Tacoma Labor History Landmark Tour
Description
A Guide to Labor Heritage Sites in Downtown Tacoma
Before the Bank of California building was erected at this location, the Alpha Opera House stood here. The Opera House was one of the more impressive spaces available for public events in New Tacoma, and from the early 1880s locals hosted receptions for visiting dignitaries as well as special events and political meetings inside. Several well-attended 1885 discussions about driving Tacoma's Chinese residents out of the city took place at the Alpha, and periodic rallies there kept the anti-Chinese movement at a fever pitch through November of that year. After the events of November 3rd, 27 prominent Tacomans were arraigned in Vancouver on charges of insurrection for the expulsion of the city's Chinese community; a reception celebrating their return to Tacoma was also held at the Alpha.

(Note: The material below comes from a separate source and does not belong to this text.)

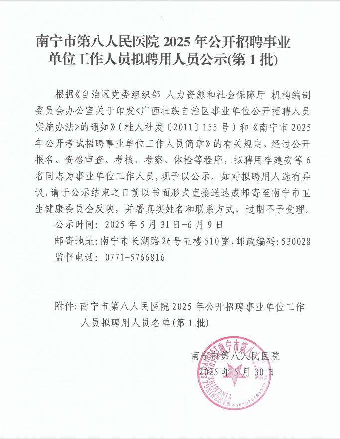 南寧市第八人民醫(yī)院2025年公開招聘事業(yè)單位工作人員擬聘用人員公示(第1批)

Chinese laborers helped build the railroads that brought people and goods to Tacoma and other towns in the western U.S. after the Civil War. Chinese men and families built homes on property owned by the railroad when Tacoma landholders refused to sell them residences in town. When members of Tacoma's Chinese community, fearing anti-Chinese violence, began fleeing the city in the fall of 1885 some departed from the passenger train station, Villard depot, built in 1883. Those that remained were forced from their homes the afternoon of November 3rd 1885, marched past Villard Depot to a station outside the city boundaries, and put on trains to Oregon.